We realized that we had a cache-tagging problem. Authors were updating content and not seeing their changes reflected everywhere they expected. This was fixed by “linking up” all the site cache tags so that they were propagating to the pages that they should be. We continued to push in the direction of content freshness, at the expense of backend performance.
To address the growing performance problem, we increased the Drupal cache lifetime to three hours, meaning Varnish would hold onto things for up to three hours, so long as the content didn’t get purged out. As a result of our Purge work, any content updates would be pushed up to Varnish, so if a page was built and then immediately updated, Varnish would show that update right away. However, we saw very little performance improvement as a result of this.
Careful study of the cache data revealed that each time an editor touched a piece of content, the majority of the site’s pages were being cleared from Varnish. This explained the large spike in the response time when the Purge work was rolled out, and why raising the Drupal cache lifetime really didn’t affect our overall response time. We found the culprit to be the node_list cache tag, and so we replaced it with a system that does what we called “relationship clearing.” Relationship clearing means that when any piece of content on the site is updated, we reach out to any “related” content, and clear the “cache tag” for that content as well. This let us replace the overly-broad node_list cache tag with a more targeted and efficient system, while retaining the ability to show fresh content on “related” pages right away. The system was backed by a test suite that ensured that we did not have node_list usages creep back in the future. This earned us a massive performance boost, cutting our page load time in half.
We found that the metatag module was generating tokens for the metatags on each page twice. The token generation on this site was very heavy, so we patched that issue and submitted the patch back to Drupal.org.
We had another backend disruption due to some heavy editor traffic hitting on admin view; our backend response time spiked up suddenly by about 12 seconds. A pre-existing admin view had been modified to add a highly desired new search feature. While the search feature didn’t actually change the performance of the view, it did make it much more usable for editors, and as a result, editors were using it much more heavily than before. This was a small change, but it took what we already knew was a performance bottleneck, and forced more traffic through it. It demonstrates the value of being proactive about fixing bottlenecks, even if they aren’t causing immediate stability issues. It also taught us a valuable lesson—that traffic profile changes (for example, as a result of a highly desired new feature) can have a large impact on overall performance.
We got a free performance win just by upgrading to PHP 7.1, bringing our backend response time from about 500 milliseconds down to around 300.

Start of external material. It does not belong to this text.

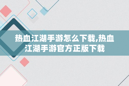 热血江湖手游怎么下载,热血江湖手游官方正版下载

We used New Relic for monitoring, but the transaction table it gave us presented information in a relatively obtuse way. We renamed the transactions so that they made more sense to us, and had them broken down by the specific buckets that we wanted them in, which just required a little bit of custom PHP code on the backend. This gave us the ability to get more granular about what was costing us on the performance side, and changed how we started thinking about performance overall.
We added additional metadata to our New Relic transactions so we could begin answering questions like “What percentage of our anonymous page views are coming from the dynamic page cache?” This also gave us granular insight on the performance effects of changes to particular types of content.
We performed a deep analysis of the cache data in order to figure out how we could improve the site’s efficiency. We broke down all the cache bins that we had by the number of reads, the number of writes, and the size. We looked for ways to make the dynamic page cache table, cache entity table, and the render cache bin a little bit more efficient.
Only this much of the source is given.